Knows where his towel is.
Staff member
#4
So you can boot A , then boot B with a temporary BIOS override, but subsequently A refuses to boot until "startup repair" ?
That sounds as though the installations were not as independent as you thought.
Check the Disk Management flags as seen from each booted system. System and Boot should move together with the booted system if they are truly independent, both should be Active
they have the following meanings
"boot" = "this is the system you're running"
"system" = "this is where I found the boot files for the currently running system"
"active" (on the first HDD in the BIOS boot sequence) = "this is where I started the search for the boot files"
"active" (on subsequent HDDs in the BIOS boot sequence) ="this is where I will look if I don't find something in the MBR on the first HDD"
 
#5
So you can boot A , then boot B with a temporary BIOS override, but subsequently A refuses to boot until "startup repair" ?
That sounds as though the installations were not as independent as you thought.
Check the Disk Management flags as seen from each booted system. System and Boot should move together with the booted system if they are truly independent, both should be Active
they have the following meanings
"boot" = "this is the system you're running"
"system" = "this is where I found the boot files for the currently running system"
"active" (on the first HDD in the BIOS boot sequence) = "this is where I started the search for the boot files"
"active" (on subsequent HDDs in the BIOS boot sequence) ="this is where I will look if I don't find something in the MBR on the first HDD"
hang on.. gotta crack it open again and put the ssd back in secondary slot.
but anyhow.. will easy BCD help me with this?

The goal is to not have internal hard drives laying around because i can only physically have one installed at a time to work properly. and again, if it does work, do i need to reformat and reinstall the OS on the secondary drive, which I don't mind doing. I just don't want to have to do it after I go through the trouble of installing full blown sql and enterprise products on the drive.
 

Terry60

Knows where his towel is.
Staff member
#6
I'm sorry. You've got me confused now.
In previous posts you seemed to be saying that both drives were in the PC and that you could(/could not) boot to one or the other using a BIOS override, and now you imply that only one drive is installed because that's the only way you can boot the PC.
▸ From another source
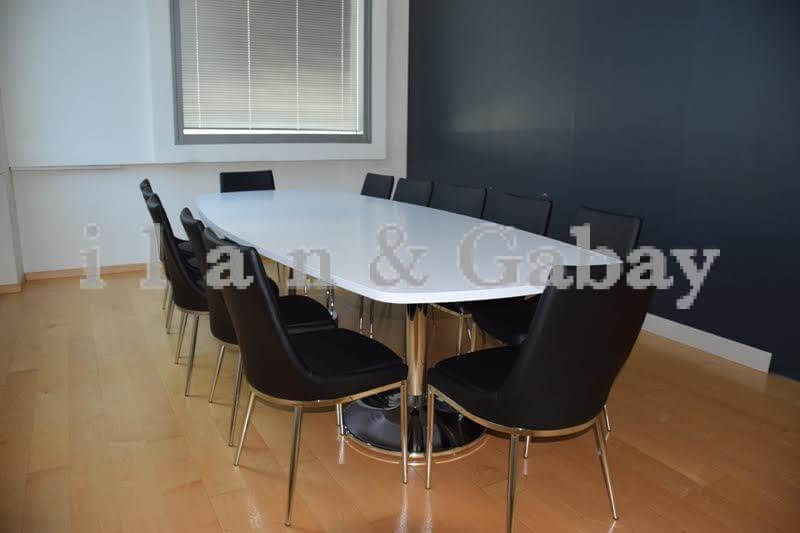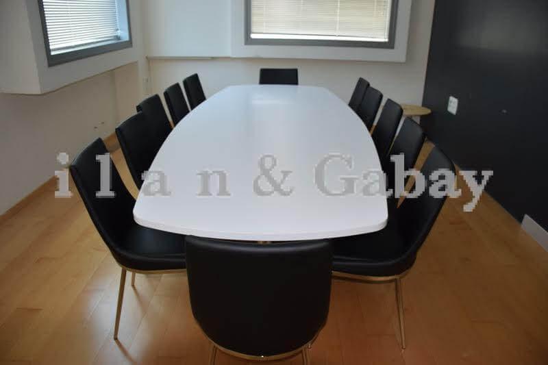 & שולחן ישיבות עשוי מפורמייקה.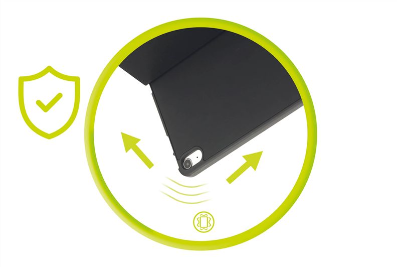 Λειτουργία Smart Auto Sleep/Wake: Η θήκη αναγνωρίζει αυτόματα το άνοιγμα και το κλείσιμο του καλύμματος, ενεργοποιώντας ή θέτοντας σε αναμονή το iPad σας, εξοικονομώντας σημαντικά την ενέργεια της μπαταρίας σας.

If you have 2 HDDs, and each is bootable when installed separately in the PC, then you should have absolutely no problem when you install both (assuming the laptop has two bays), though the second will only be bootable by overriding the BIOS boot sequence dynamically at power-up.
EasyBCD will enable you to boot either without needing to touch the BIOS. It will not adversely affect either system.
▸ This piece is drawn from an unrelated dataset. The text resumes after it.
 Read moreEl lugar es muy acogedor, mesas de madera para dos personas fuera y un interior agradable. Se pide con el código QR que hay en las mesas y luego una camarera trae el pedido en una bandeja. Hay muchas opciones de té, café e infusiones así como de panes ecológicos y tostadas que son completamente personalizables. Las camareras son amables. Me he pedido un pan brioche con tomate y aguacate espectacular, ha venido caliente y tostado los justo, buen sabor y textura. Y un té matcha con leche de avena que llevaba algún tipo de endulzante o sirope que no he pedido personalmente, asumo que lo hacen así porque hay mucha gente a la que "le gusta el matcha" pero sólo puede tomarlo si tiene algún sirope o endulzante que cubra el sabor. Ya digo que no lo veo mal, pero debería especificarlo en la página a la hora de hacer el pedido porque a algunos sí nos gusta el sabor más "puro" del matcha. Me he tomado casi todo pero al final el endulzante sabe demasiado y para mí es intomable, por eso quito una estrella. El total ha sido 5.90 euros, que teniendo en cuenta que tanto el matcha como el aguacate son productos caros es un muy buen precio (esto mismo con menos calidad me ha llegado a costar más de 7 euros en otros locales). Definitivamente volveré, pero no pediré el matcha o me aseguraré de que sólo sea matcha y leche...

All it does is add an additional entry into the BCD of the primary OS telling bootmgr that another OS exists (and where it resides), which causes bootmgr to display a dual-boot selection menu (for as long as you specify) enabling you to select the non-default system if you choose to. If you do not make a choice it boots the default system after the menu timeout elapses.
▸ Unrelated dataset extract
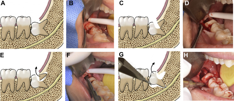 Dental Impaction Surgery an extraction your dentist or oral surgeon makes an incision in your gums and removes any bone that blocks access to the impacted tooth root. After removing the tooth, the dentist or oral surgeon typically closes the wound with stitches and packs the empty space (socket) with gauze.

The default action is therefore identical to a boot of the OS at present except for the presentation of the boot option menu for a few seconds. In all other respects the OS is untouched.
EasyBCD is a passive app which takes no part in the booting or the running of either OS. It merely facilitates the management of the contents of the BCD on either system.
I would advise (for speed) that you put the SSD in the primary bay and add an entry for the HDD OS into the SSD's BCD.
First though, you need to sort out why you are having to "startup repair", since two independent W7's on separate devices, should not be giving you any problems.